You must make this change on all computers that need to be part of the extended Tightener swarm.

Configure Linux to run InDesign scripts

If you have a Linux machine and a Mac or Windows machine with InDesign or InDesign Server, you can now run InDesign scripts from the Linux command line.

On Linux, we can now reconfigure the config.ini to use a remote Mac or Windows computer to run InDesign.

My Mac is registered under DNS name holly.rorohiko.com - I'll use that as an example to configure Linux.

On Linux:

editConfig

Change the line that says

[urlMap]
...
indesign = tgh:///indesign/main
...

into

[urlMap]
...
indesign = tgh://holly.rorohiko.com/indesign/main
...

This tells the Tightener swarm on Linux that the local URL shorthand indesign refers to the indesign coordinator on holly.rorohiko.com.

The second mention of indesign in this example is a shorthand reference to a coordinator on holly.rorohiko.com.

In other words, the string indesign in the URL tgh://holly.rorohiko.com/indesign/main will be resolved to a fully qualified RDN by holly.rorohiko.com using the config.ini file on holly.

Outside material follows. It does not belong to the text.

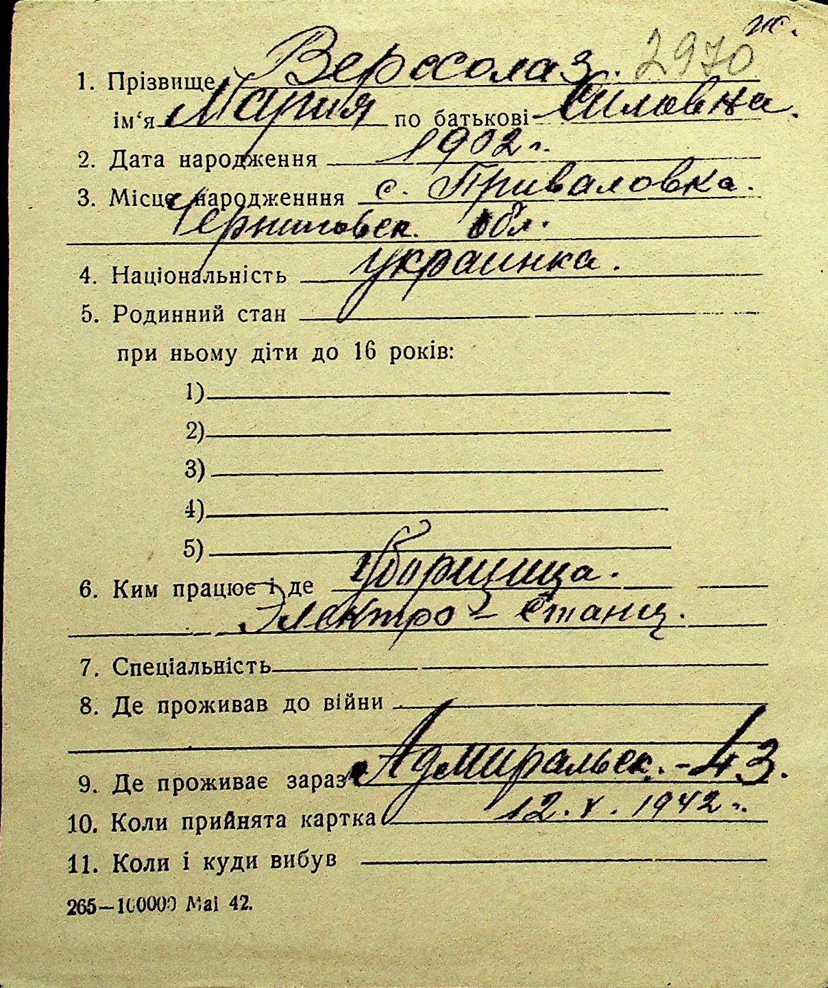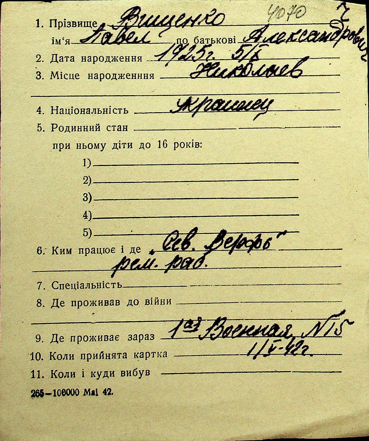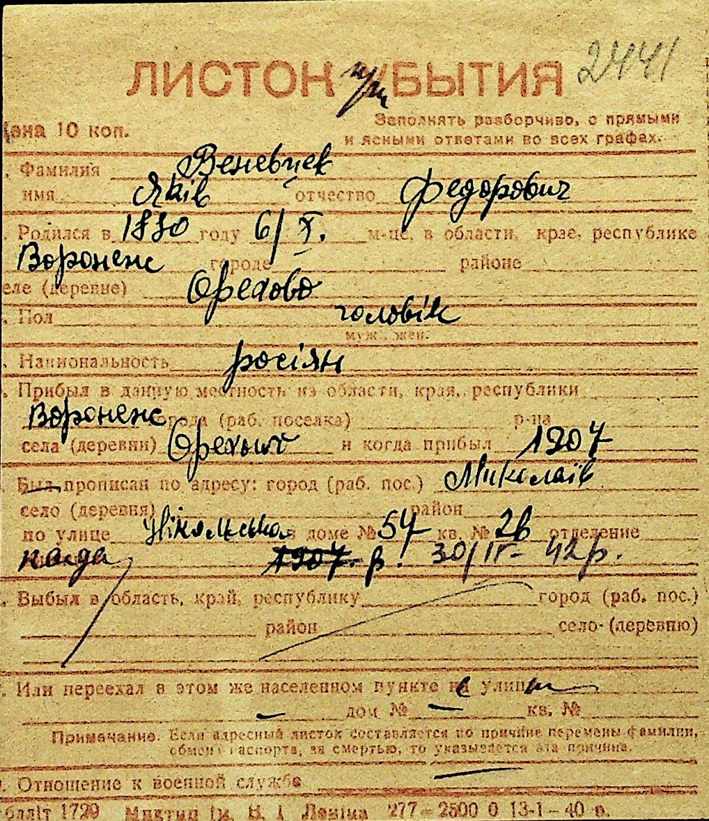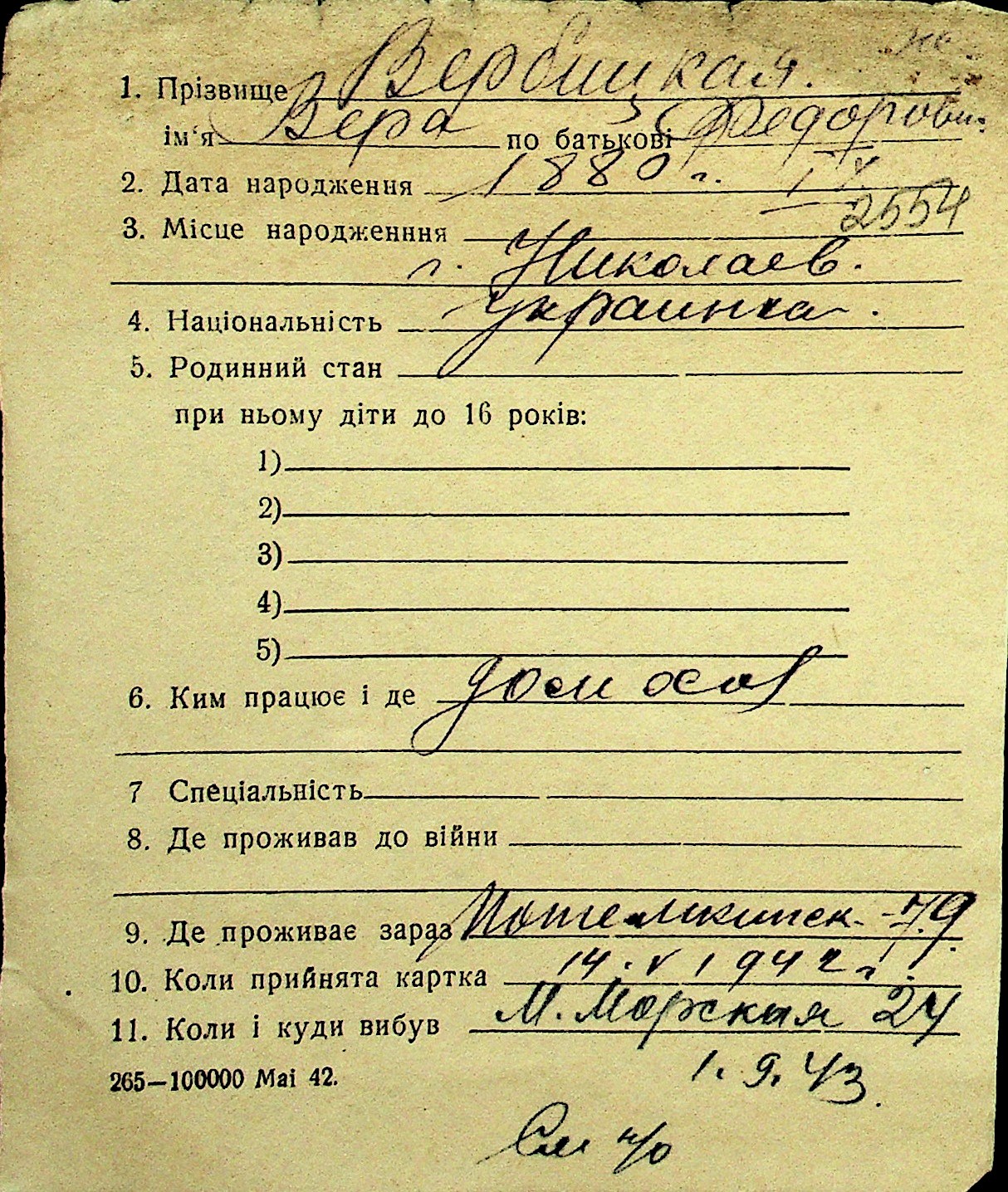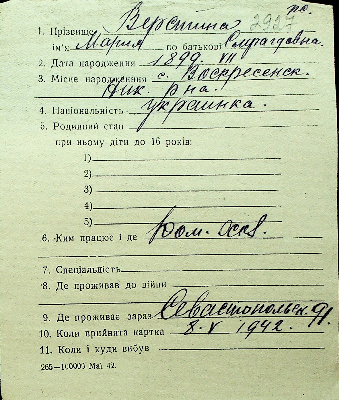 • • Перелік карток до фонду № Н-1016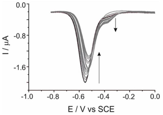 Apparently, the self-assembled product is more easily reduced than the TDAP alone, and this product is not possible to oxidize back. These two facts reflect the stability of the reduced product. Since the reduction at about −0.360 V seems to be irreversible, we hypothesize that the acid-base interactions are broken at this potential. The TDAP redox signal appears at less negative potentials as a consequence of its interaction with the reduced TCPP after the breaking of the assembled compound, making it less stable. The proposed mechanism of the redox behavior for the formation of the molecular assembly is shown in Scheme 3. Additional evidence for this mechanism comes from the monitoring of the TDAP-TCPP titration, explored by differential pulse voltammetry. The voltammetric profiles and response of the system is illustrated in Figure 4. Each individual addition of TCPP is monitored after equilibration. At a scan rate of 20 mV s−1, the initial measured redox signal appeared at about −0.55 V with a corresponding cathodic current of −1.8 µA. As an increased amount of TCPP is added, the magnitude current decreases, and the peak potential is shifted to less negative values (about 30 mV). The decreasing of the current is accompanied by the rise of a new redox signal at about −0.370 V, which correlates well with the peak observed by cyclic voltammetry. The decreased current and the emerging redox signal can be associated with the formation of the assembled nanostructure. It is expected that the TDAP current decreases as the quantity of TCPP increases, since some of the TDAP molecules are being shared with the TCPP to form the supramolecular assembly via electrostatic interaction, and the new assembly has a different redox potential, which indicates less stability (compared to TDAP) to the applied potential.

It is important to grasp that in order to resolve a target like indesign on the Linux machine, we are relying on two independent config.ini files: one on the Linux machine and a second one on holly.rorohiko.com.

First, the config.ini on Linux maps the word indesign to a URL tgh://holly.rorohiko.com/indesign/main. This URL eventually ends up on holly.rorohiko.com which then uses its own config.ini further resolve indesign/main to net.tightener.coordinator.indesign.17.0/main, which gives us the fully resolved URL: tgh://holly.rorohiko.com/net.tightener.coordinator.indesign.17.0/main.

Restart your main node:

killApps
gwConsole

Assuming the gwConsole is running on the Mac as well as on Linux, and idLaunch was used on holly.rorohiko.com to launch InDesign, we can now execute:

cd_samples
rre indesign idMakePDF.jsx

on the Linux machine and this will execute the script on the Mac.